Tarihte mal veya can ile bedel ödeme söz konusu olduğunda Yahudiler hep gerisin geriye kaçmışlar. Ya bir bahane uydurarak ipe un sermişler ya da korkaklıklarını gizleyemeden müttefiklerini yüz üstü bırakmışlar.

Zaten bilindiği gibi Yahudiler peygamberlerini savaşlarda hep yalnız bırakmakla meşhurdurlar.

Onları Firavun’un zulmünden kurtararak sahil-i selamete çıkartan Hz. Musa’ya (Aleyhisselam) “Sen ve Rabbin gidin savaşın; biz burada oturacağız” (Maide Suresi 54. Ayet) diye cevap vererek kaypaklıklarını ve korkaklıklarını tescil etmişlerdi.

Sadece Hz. Musa (Aleyhisselam) için değil hem Efendimiz (Sallahu Aleyhi Vesellem)  döneminde hem birçok peygamber döneminde hem de günümüze kadar ki Yahudi tarihinde onların düşmanlarının karşısına çıkıp yiğitçe savaştıkları ya da mertçe ileri atıldıklarını göremezsiniz.

Ya sağlam kaleler arkasında ahkâm kesmişler ya da kendilerini güvende hissettikleri yerlerde sözde meydan okumuşlar. Ancak ne zaman savaş meydanlarında ve hayatın gerçekleriyle karşı karşıya kalmışlarsa o zaman zelil olmuşlar, rezil olmuşlar ve dünyaya ibret olmuşlar.

Rabbimiz (c.c) buyuruyor, “Onlar toplu olarak sizinle savaşamazlar; ancak müstahkem kaleler içinde veya siperlerin arkasından korka korka savaşırlar…” (Haşr Suresi 14. Ayet)

Evet, Yahudiler Müslümanlarla topluca ya da yüz yüze yiğitçe savaşamazlar, ya korunaklı kalelerin, tankların, demir kubbelerin ardına saklanırlar ya da duvarların arkasında korkarak savaşmak zorunda kalırlar.

Bu melun topluluğun bir yıldır Gazze başta olmak üzere orta doğuda yaptığı soykırım ve katliam onların cesur ve yiğitliklerinden değildir. Bilakis korkak oluşlarından ve Müslümanlar arasındaki tefrika ve dağınıklıklarındandır. Yoksa Yahudiler dünyanın en korkak milletidir.

Ayrıca Yahudiler ölümden çok korkarlar.

Çünkü ölüm, dünyaya dört elle sarılmış ve dünya sefası için yaşayan bir toplum için acı bir yok oluştur. Dolaysıyla Yahudiler için ölüm; tüm servetlerinin ve zevklerinin sonu olacağı için ondan korktukları kadar hiçbir şeyden korkmazlar.

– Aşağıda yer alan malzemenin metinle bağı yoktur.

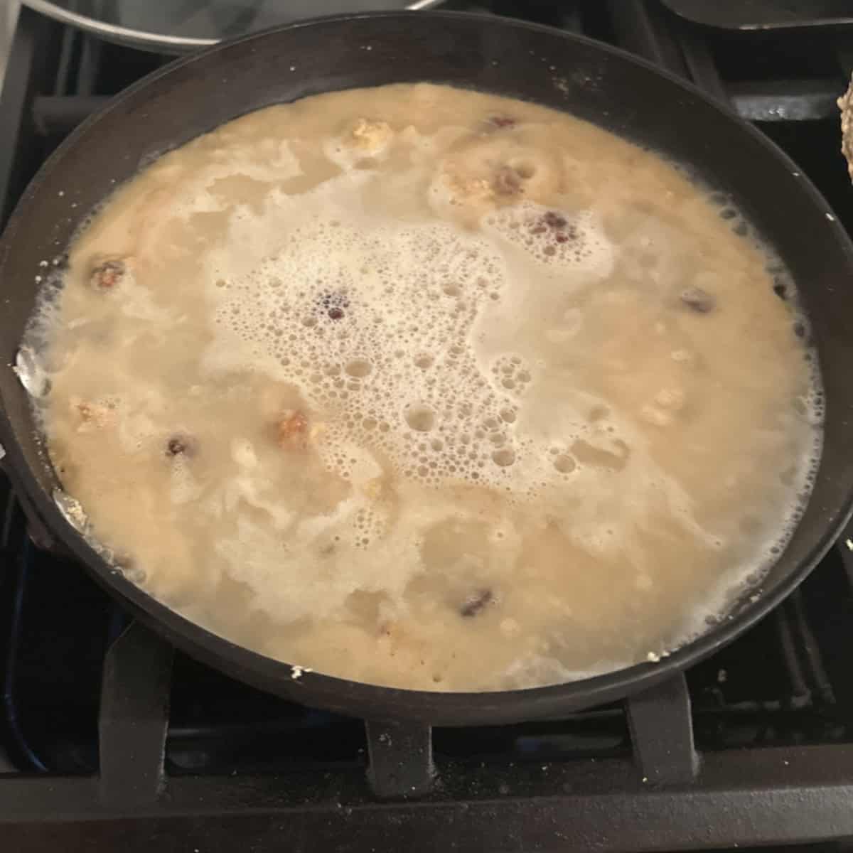 Step 7) You'll notice the contents loosen slightly, which is completely normal. Keep stirring and sprinkle in the fragrant cardamom powder.

Ölümden korktuklarının bir diğer sebebi ise, iç dünyalarındaki mutmainsizlik ve boşluktur. Bu boşluğu dünya zevk ve sefasıyla doldurmak istiyorlar ve bir türlü bu sefadan da kopmak istemiyorlar.

Doğrusu Yahudiler zalim olduklarını ve dalalet üzerinde olduklarını da iyi biliyorlar. Ölümden sonra büyük bir azaba duçar olabilecekleri olasılığı ağır bastığı için de dünyada çok yaşamak istiyorlar. Bundan dolayı dünyada yaşamaya olan düşkünlükleri diğer insanlara nazaran çok daha fazladır.

Rabbimiz (c.c) buyuruyor, “Yemin olsun ki, onları insanların yaşamaya en düşkünü olarak bulursun; müşriklerden de çok; her biri ister ki bin sene yaşasın…” (Bakara Suresi 96. Ayet)

Evet, Yahudilerin yaşamaya olan tutkuları ve ölümden korkuları bildiğimizden de fazladır. Ancak ne yazık ki korkak ve sefa düşkünü olan bu lanetli topluluk, İslam âleminin tefrika ve ihtilaflarından dolayı yıllardır Müslümanlara kan kusturuyor.

Ya Rabbi! Ümmet-i Muhammed’e (Sallahu Aleyhi Vesellem)  vahdet nasip et.

Gazze ve Lübnan’da başta olmak üzere korkak Yahudilerin zelil oldukları günleri tez zamanda bize göster.

Bizi de bu mücadelede pay sahibi kıl. Âmin.